Portrait of Matthew Villenueve
Professor Matthew Villeneuve Photo: Paulius Musteikis

Back in the early 19th century, the U.S. government created a set of federal boarding schools for Native American children.

These schools, which removed thousands of children from their families and reservations, weren’t strictly designed to educate; in many cases, they were also engines of cultural assimilation, designed to eradicate Native American language and culture.

Matthew Villeneuve didn’t attend one of these schools, but his great-grandfather briefly did in 1900, before running away from it. Villeneuve’s family belongs to the Turtle Mountain Chippewa Tribe in North Dakota, but he grew up in Washington after the family relocated. His great-grandfather’s shrouded history is one of the things that drove Villeneuve to become a teacher, and it drives the research the assistant professor of history and American Indian Studies conducts.

Matthew Villenueve points to an old photo that includes his great grandfather.
Photo: Paulius Musteikis

“What we’re talking about is a series of institutions designed to sever a Native individual’s relationship to their people’s collective knowledge,” Villeneuve says. “And that’s a weird thing for a school to do. That’s the question that really animates my work: If that’s a school, what kind of school is that?”

In many cases, a dangerous and deadly one.

Historical records and Native oral histories indicate that Native children who attended these boarding schools were forced to cut their hair and change their names. Speaking a Native language was cause for corporal punishment.

Food and medicine were often scarce, and the students, who were often crammed together in dormitories, contracted fatal diseases like tuberculosis and typhoid fever.

“All of these factors make the space hostile to health, to say nothing of learning,” says Villeneuve. “Part of my work argues that one of the things that Native people learn is just simply how to survive these institutions.”

Many, however, did not. In 2020, First Nations investigators discovered a mass grave on the site of the Kamloops Indian Residential School, a boarding school for Native American children in British Columbia.

“It was this moment when a lot of people rediscovered that the United States was the one that created the blueprint for these schools, and the United States had its own boarding school system.”

During the 19th and 20th centuries, the United States ran more than 400 such schools, until the last one finally closed in 1982. Villeneuve’s research has focused on 28 off-reservation industrial schools, including two of the dozen schools that once operated in Wisconsin. (One was in Wittenberg; the other is now a Veterans Affairs hospital in Tomah.)

When he teaches his students about this history, Villeneuve cautions that the boarding school experience may have been horrific, but it’s not monolithic.

“We have to pay attention to how the students came out of this,” he notes. “We have records that say, ‘I did OK, and my experience was actually not half bad.’ How do we square that against the people who literally didn’t survive and cannot speak?”

Villeneuve also points to the 1930s, when the federal government began to try shutting many of the schools down. In some cases, Native communities, who had found ways to make the schools their own, pushed back.

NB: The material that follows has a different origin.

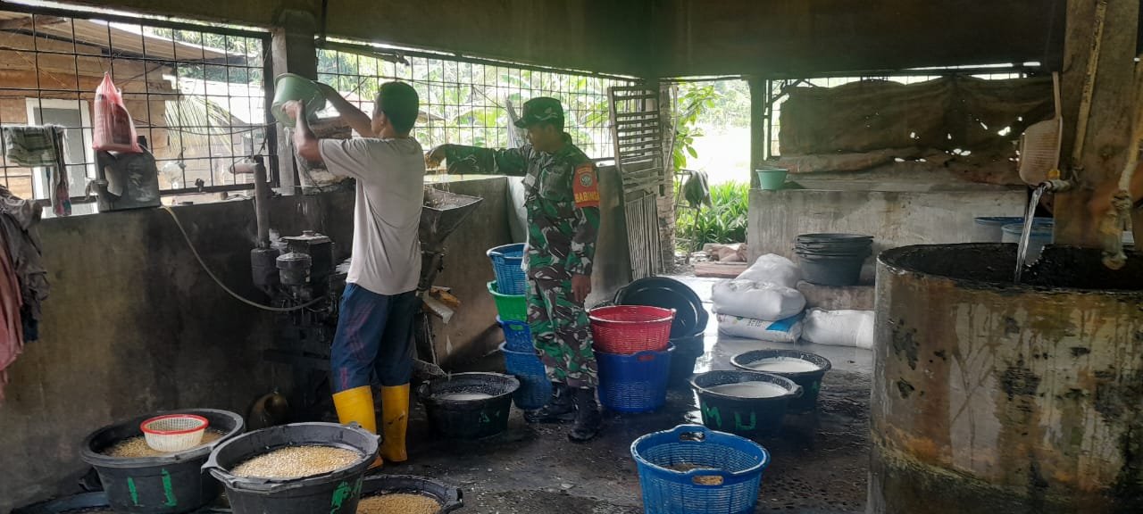 Dalam kegiatan tersebut, Babinsa mengunjungi langsung tempat produksi tempe dan tahu milik warga di wilayah binaannya. Kunjungan tersebut dimanfaatkan untuk berdialog dengan para pelaku usaha sekaligus memantau kondisi proses pengolahan makanan yang menjadi salah satu sumber penghasilan masyarakat setempat.

“The history that I study is just one moment in a long history of Native people trying to figure out how to make schools work for them,” he explains.

In 2022, the U.S. Department of the Interior issued an investigative report on the Federal Indian Boarding School Initiative. There are two bills currently in Congress that would establish a truth and reconciliation inquiry, giving historians like Villeneuve the opportunity to access federal records and make full site visits.

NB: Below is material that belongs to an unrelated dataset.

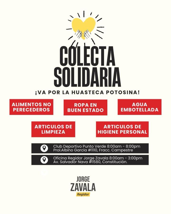 Como muestra de solidaridad, el Regidor ha iniciado una colecta de víveres, artículos de limpieza y productos de primera necesidad en dos puntos: el Club Deportivo Punto Verde, ubicado en Albino García 1120 en el Fraccionamiento Campestre, y su oficina en la Unidad Administrativa Municipal. La colecta se realiza en un horario de 8:00 de la mañana a 2:00 de la tarde, facilitando la participación ciudadana y canalizando el apoyo hacia las comunidades más afectadas.

“It would change everything,” he says.

Even if the bills pass, Villeneuve knows the picture will never be complete — federal recordkeeping can be haphazard and piecemeal. Still, gaining access to the letters and petitions Native families wrote in their desperate search to find and reunite with their children is important. Some survivors of the boarding schools are still alive, but Villeneuve knows their accounts won’t be available forever.

“If something doesn’t make sense to the present, you have to do the work to reconstruct the past to make it legible,” Villeneuve says. “At the end of the day, this is about Native people reconstituting their own identities as communities and nations.”